Here are six rules to follow:
1. Bootstrap as much as you can. Bootstrapping is the process of running your business with no outside financing. While you clearly can't accomplish as much as if you had outside funds, bootstrapping forces you to get creative and to figure out how to do more with less funds. Importantly, when you bootstrap, you can 1) start to prove that your business will be viable, and 2) prove that you can execute on your venture. Both of these will help you significantly later when you do seek outside funding.
2. Start by raising smaller amounts of funding. No one is going to write you a $5 million or $10 million check for your business until you've proven your concept. Bootstrapping will help progress your business; but also figure out the smallest amount of funding you could use to progress your business further and raise that amount. Once you raise the smaller amounts of money, and start growing your venture, the larger amounts of money will become much easier to raise.
3. Determine the right sources of funding for now. This is the area that trips up most entrepreneurs. For example, if you're not a technology company and you haven't already proven your concept, venture capital is probably not right for you. But that's ok, since there are tons of other forms of funding that can be a great fit (e.g., angel funding, crowdfunding, vendor financing, etc.). So you must understand all the funding sources that are available to you, and go after the ones that are most applicable.
4. Develop relationships now. Sure, you are most likely to raise funding if you have a quality product/service that has real growth potential. But, even more importantly, you will attract funding if the funding source likes you and your management team. Because investors and lenders bet on people; even a great product or service won't make it unless it's backed by a quality management team.
So, start building relationships with funding sources now. For example, even if your company may not be ready for venture capital for another 12 months, start meeting with venture capitalists now.
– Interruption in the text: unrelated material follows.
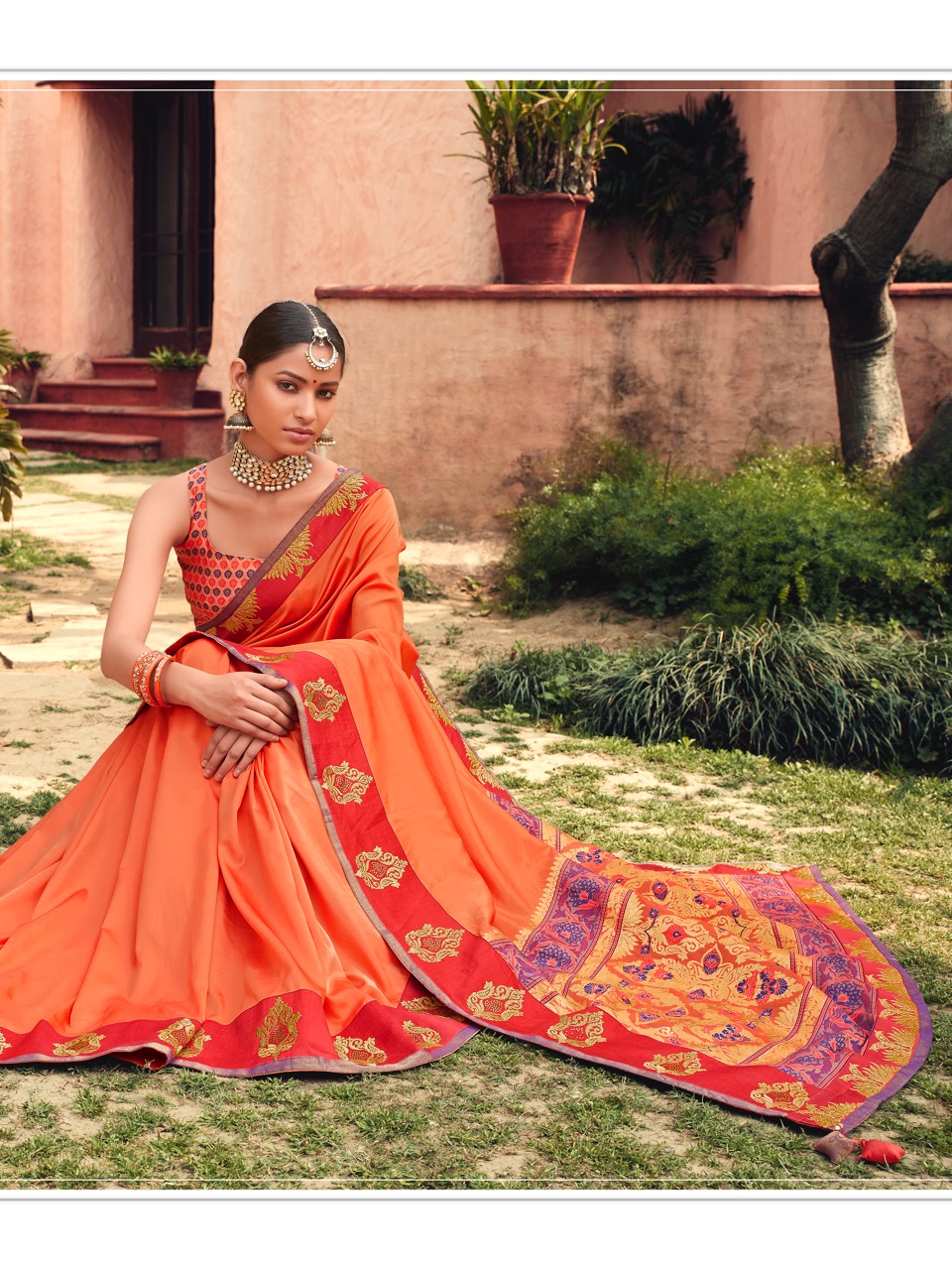 Sajawat Silk Shangrila Present heavy Wedding Designer Soft Zari Silk With New Work Border And Fancy Richpallu...!! 8 pc 1395/- Set to set only 5% GST |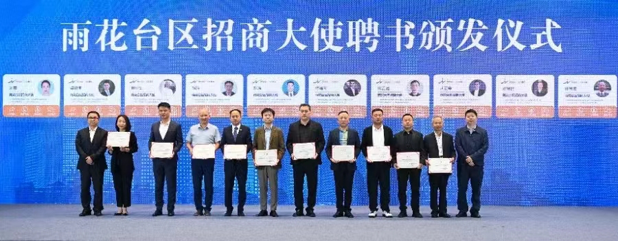 招商推介会上,雨花规划和自然资源分局、仲量联行、长城所分别介绍了全区国土空间规划及雨花新滨江产业规划、数字城建设规划。雨花台区发改委、中国(南京)软件谷管委会、雨花经济开发区相继作了招商资源推介。本土企业嘉环科技、欧帝电子以及南京商业地产商会现场交流了在雨花创业发展的心得。雨花台区委区政府主要领导为22位招商大使颁发了聘书;区投资促进工作领导小组办公室与16家商会签订了招商合作战略协议。受徐秀贤会长委托,楼国海执行会长代表我会上台接受聘书并签订协议。

These relationships will not only make you much more likely to raise the funding later, but these contacts may be able to introduce you to other funding sources.
5. Develop your business plan and keep it up-to-date. Your business and your business plan are always changing. You need to start now by documenting your vision in the plan. The process of developing your plan will force you to think through your business. It will identify new opportunities. And it will give you ideas on how much you might be able to accomplish via bootstrapping and/or smaller funding amounts (numbers 1 and 2 above).
Keep adding and updating to your business plan so that when you meet an interested investor, you can quickly and easily get your plan to them.
6. Keep your eyes and ears open and network. You never know who will ultimately fund your business. So the more people you meet the better. The more people you tell about your business the better. The more events you attend the better. The more Advisors you attract the better. And so on. You need to constantly get the word out about your venture to the right people to find the ones who will fund you. And when you meet someone who is not the right fit, don't forget to ask for referrals. Since they might just know the perfect investor for you.